Analyzing multi-temperature simulations with PyEMMA

Example: the 1D asymmetric double well potential

In multi-temperature simulations, the bias energies usually are computed via the heat bath temperature difference from a reference and the potential energies of the simulated frames:

\[b^{(i)}(\mathbf{x}) = \left( \frac{1}{\text{k}_\text{B} T^{(i)}} - \frac{1}{\text{k}_\text{B} T^{\circ}} \right) U(\mathbf{x}).\]

If the potential energies are stored in reduced form,

\[u^{(j)}(\mathbf{x}) = \frac{U(\mathbf{x})}{\text{k}_\text{B} T^{(j)}},\]

the bias is computed via

\[b^{(i)}(\mathbf{x}) = \left( \frac{1}{\text{k}_\text{B} T^{(i)}} - \frac{1}{\text{k}_\text{B} T^{\circ}} \right) \text{k}_\text{B} T^{(j)} u^{(j)}(\mathbf{x}).\]
[1]:
# Imports and matplotlib customization
%matplotlib inline
import matplotlib as mpl
import matplotlib.pyplot as plt
import numpy as np
import pyemma
mpl.rcParams['font.size'] = 12
mpl.rcParams['axes.labelsize'] = 15
mpl.rcParams['xtick.labelsize'] = 12
mpl.rcParams['ytick.labelsize'] = 12
mpl.rcParams['legend.fontsize'] = 10

# Load precomputed simulation data
data = np.load('data/adw_mt.npz', encoding='latin1')
energy_trajs = [np.asarray(l, dtype=np.float64) for l in data['arr_0']]
temp_trajs = [np.asarray(l, dtype=np.float64) for l in data['arr_1']]
trajs = [np.asarray(l, dtype=np.float64).reshape((-1, 1)) for l in data['arr_2'].tolist()]
centers = data['arr_3']
reference = data['arr_4']

Looking at the data

We have a total of 14 independent trajectories: seven for each kT=1.0 and seven for kT=5.0. The left plot shows the time evolution for the target temperature, the right panel shows the trajectories for the high temperature.
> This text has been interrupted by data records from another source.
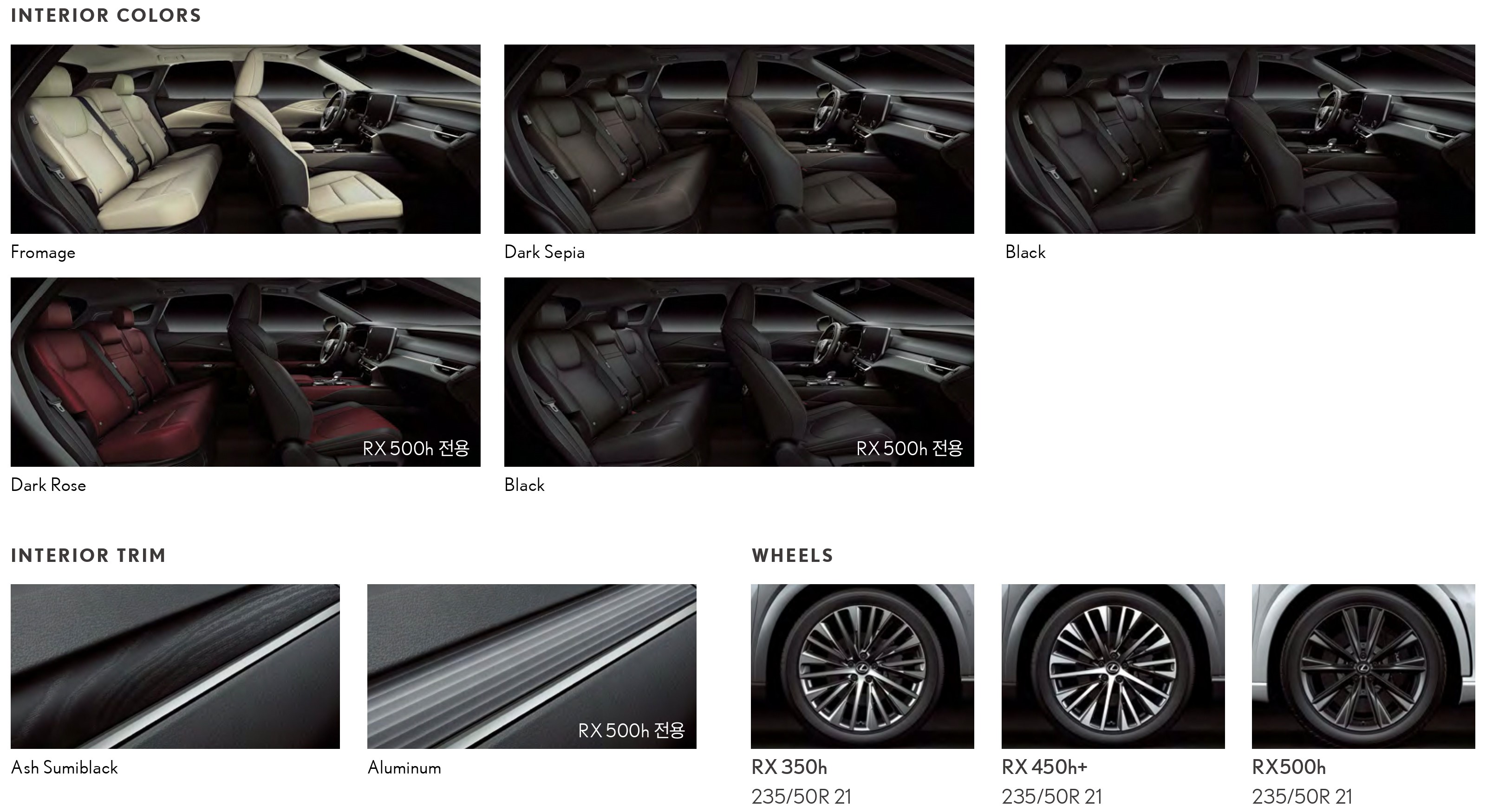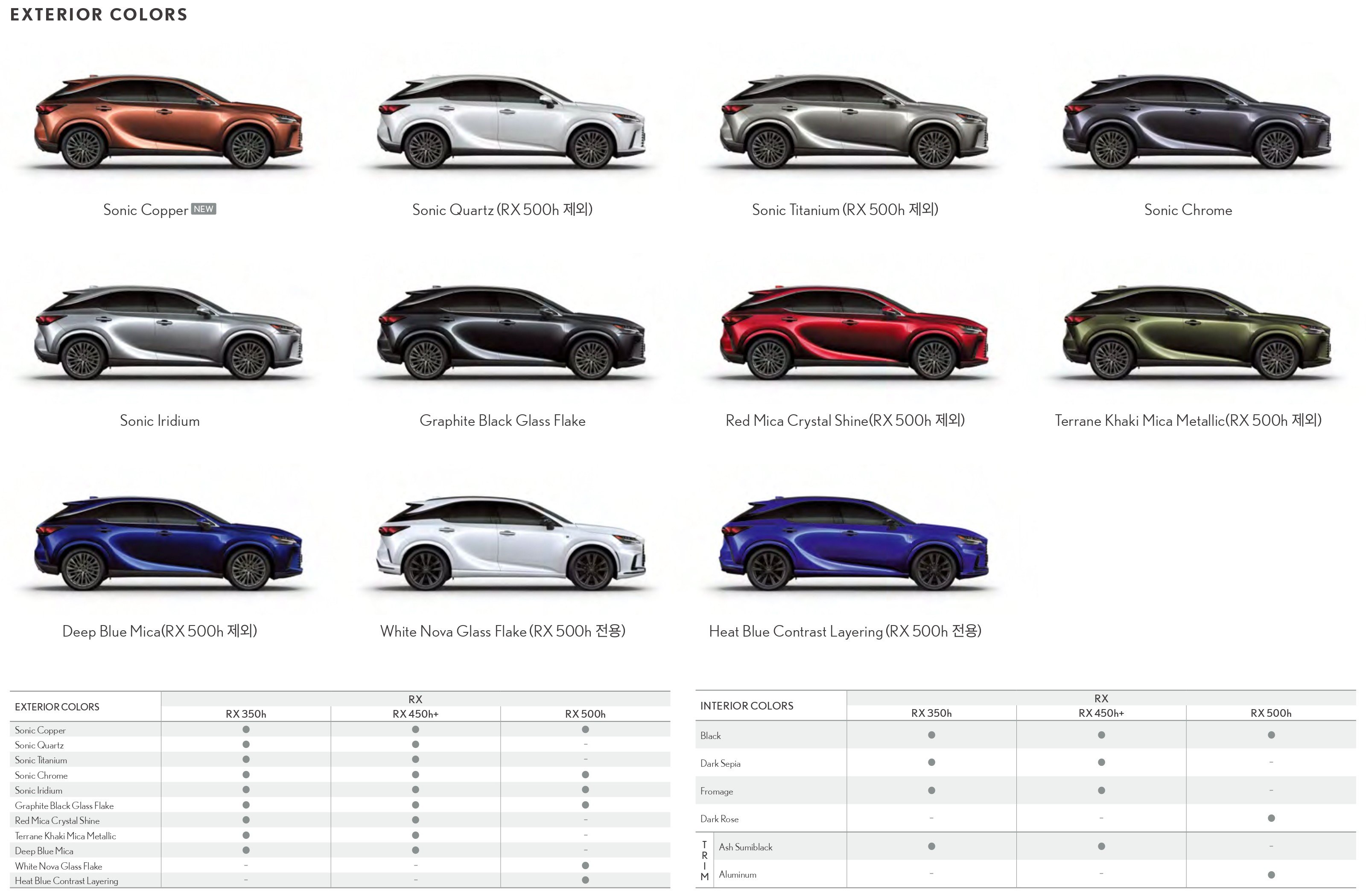 F스포츠가 적용된 RX500h의 전용 색상(2가지)도 있고, 반대로 선택이 불가능한 색상도 있습니다.
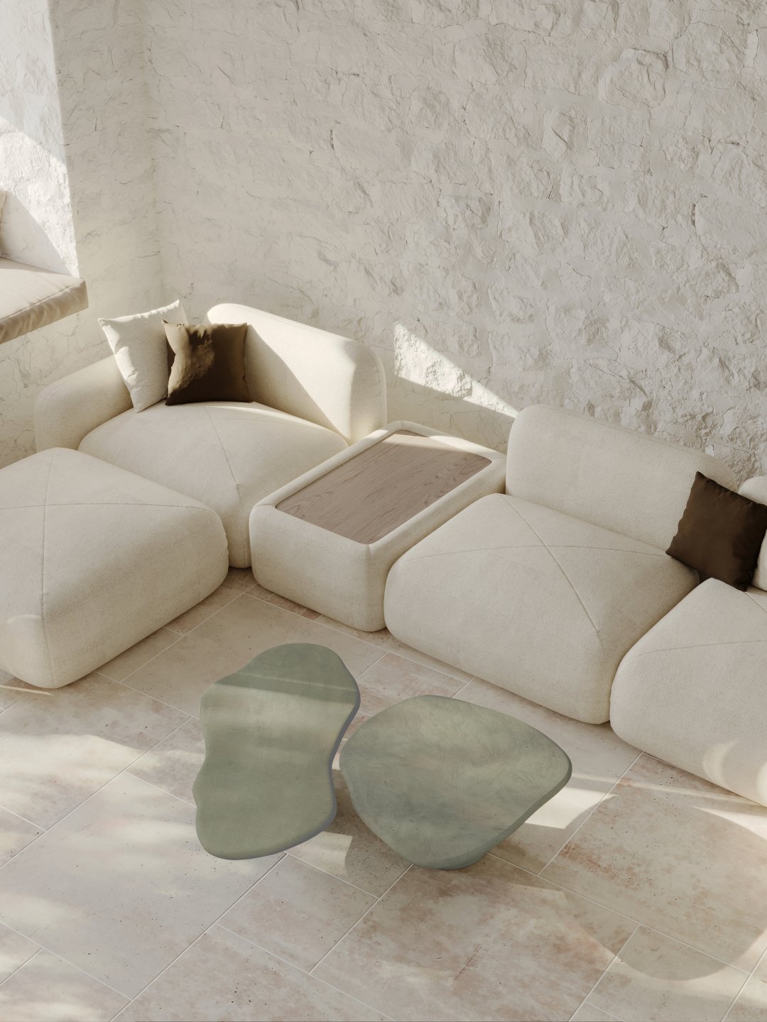 Embracing nature’s asymmetrical beauty, the collections irregular shapes mirror the organic spontaneity found in natural landscapes.
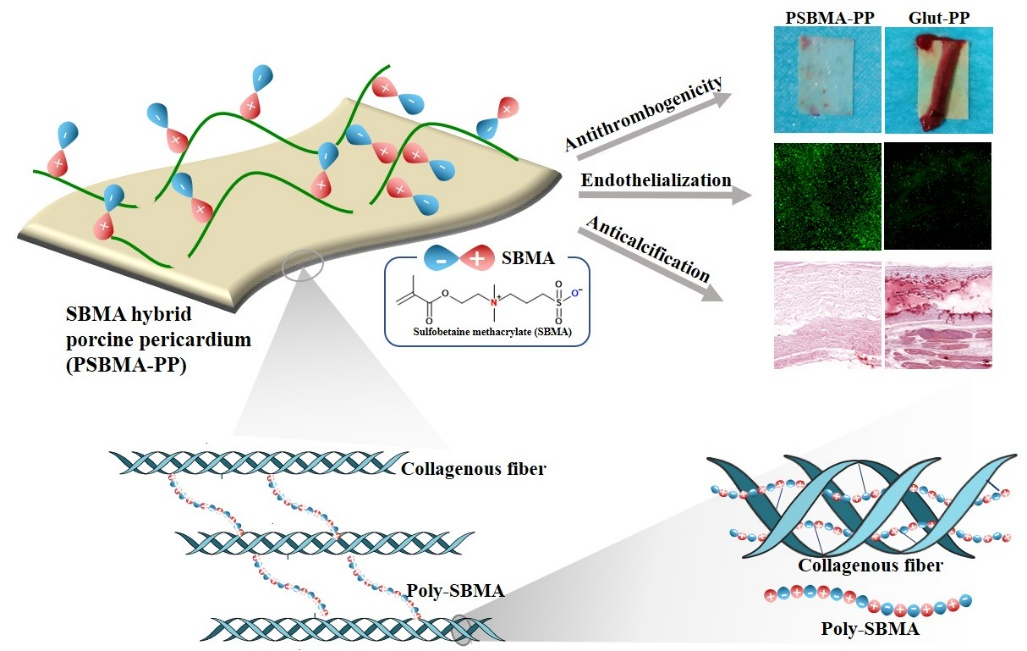 圖1. 兩性離子聚合物雜化的具有抗凝、促內皮、抗鈣化的生物組織示意圖。
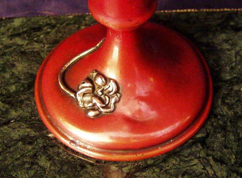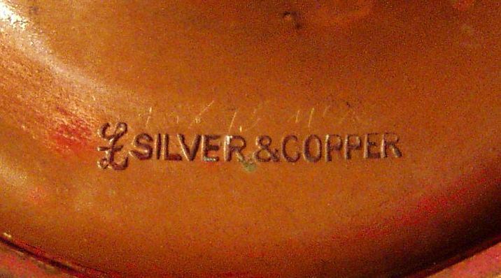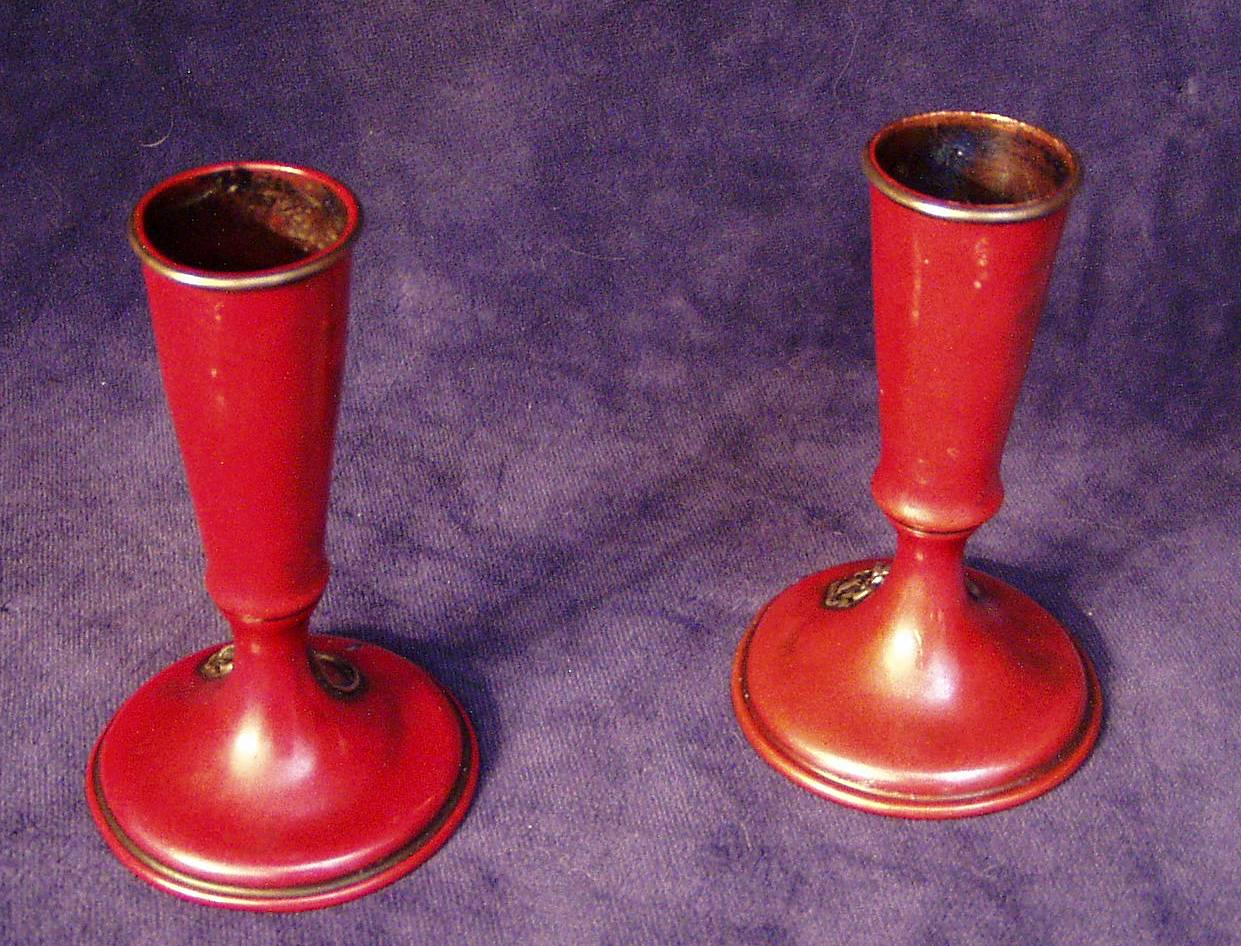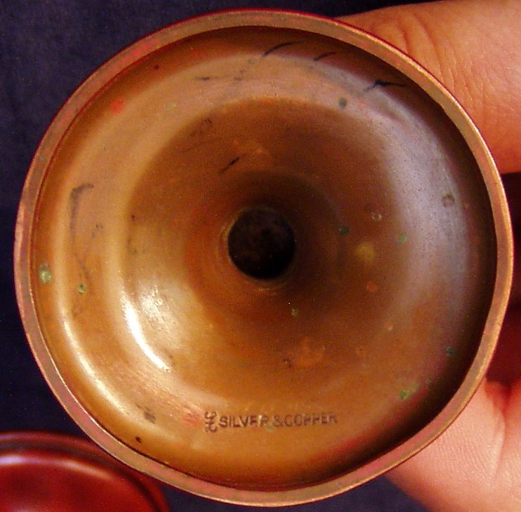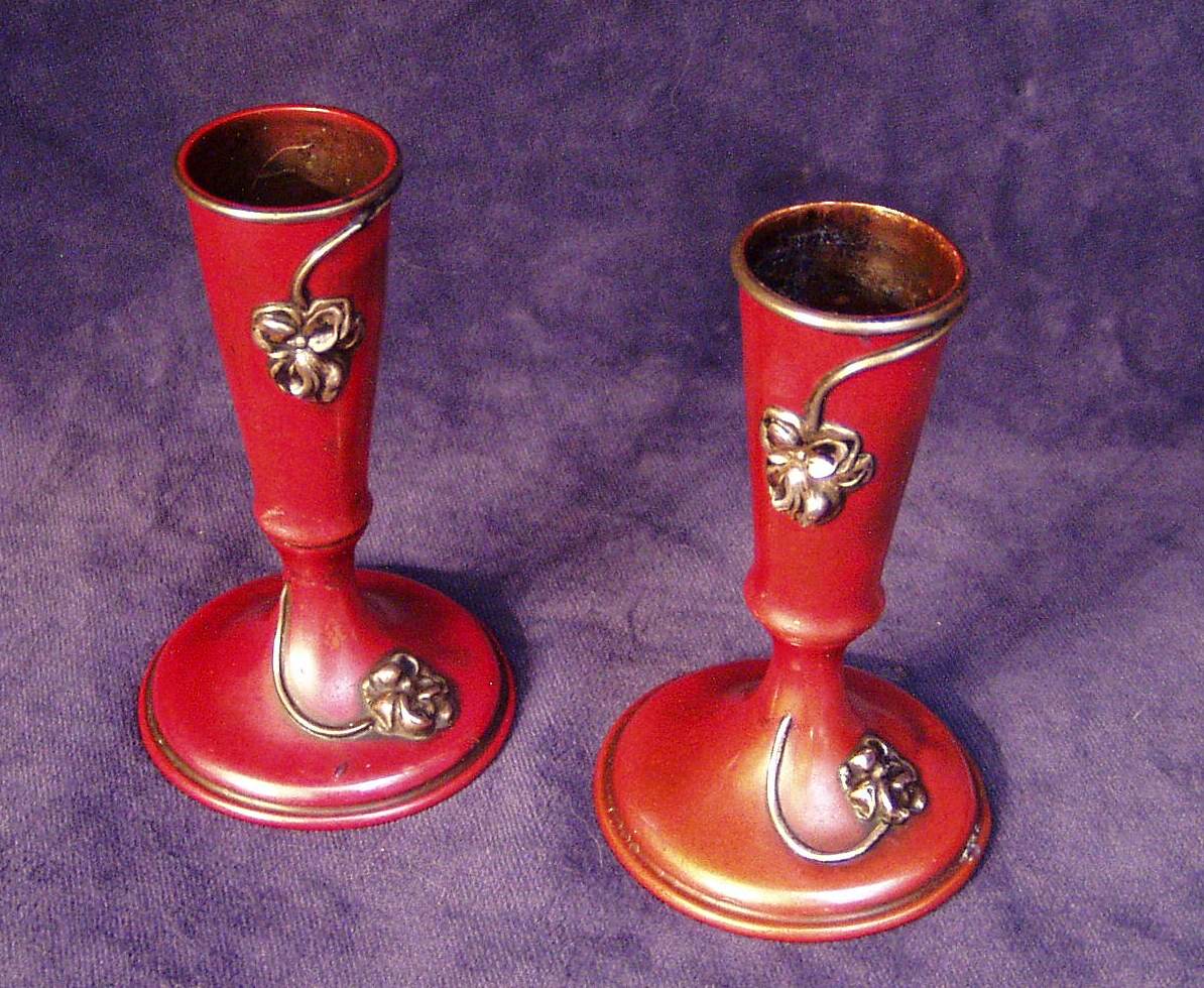 Pr Sterling and copper bud vases by La Pierre & Co cr 1895 w/subtle Art Nouveau leaf stems.
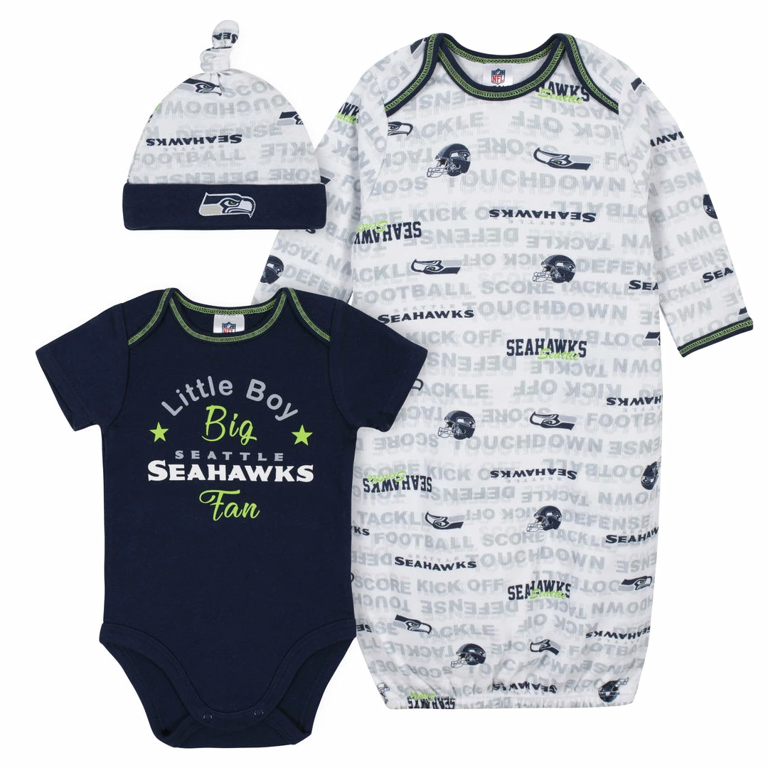 Be the first to review “Flash Sale ๐ NFL Baby Boys 3-Piece Seattle Seahawks Bodysuit, Gown, And Cap Set ๐ฏ” Cancel reply

We can observe two issues: 1) the target temperature (unbiased) trajectories sample only the ranges \(-1.5 \leq x \leq -1.0\) and \(0.8 \leq x \leq 1.5\) well, and we have very few crossings between these ranges. 2) The high temperature trajectories sample the whole range well.

Please note that while we have used a constant kT value for each simulation, the proedure would be the same with temperature changes within the trajectories.

[2]:
# Plot the biased and unbiased trajectories
fig, axes = plt.subplots(1, 2, figsize=(14, 6), sharey=True)
for t, traj in zip(temp_trajs, trajs):
    if np.all(t == 1.0):
        axes[0].plot(traj)
    else:
        axes[1].plot(traj)
axes[0].set_ylabel(r"$x$ / a.u.")
axes[0].set_title(r"trajectories at kT=1.0")
axes[1].set_title(r"trajectories at kT=5.0")
for ax in axes.flat:
    ax.set_xlabel(r"time / steps")
fig.tight_layout()
../../../../_images/legacy-notebooks_methods_multi_ensemble_doublewell_PyEMMA.thermo.estimate_multi_temperatur_-_asymmetric_double_well_3_0.png

Discretization

We start by discretizing the loaded time series using predefined cluster centers.

[3]:
dtrajs = pyemma.coordinates.assign_to_centers(data=trajs, centers=centers) # discrete trajectories
dtrajs0 = [dtraj for t, dtraj in zip(temp_trajs, dtrajs) if np.all(t == 1.0)] # discrete trajectories for kT=1.0

Implied timescales

To get a first guess which lag time to use, we make an implied timescale plot: one with only the unbiased data and the standard MSM approach and one with all data and TRAM.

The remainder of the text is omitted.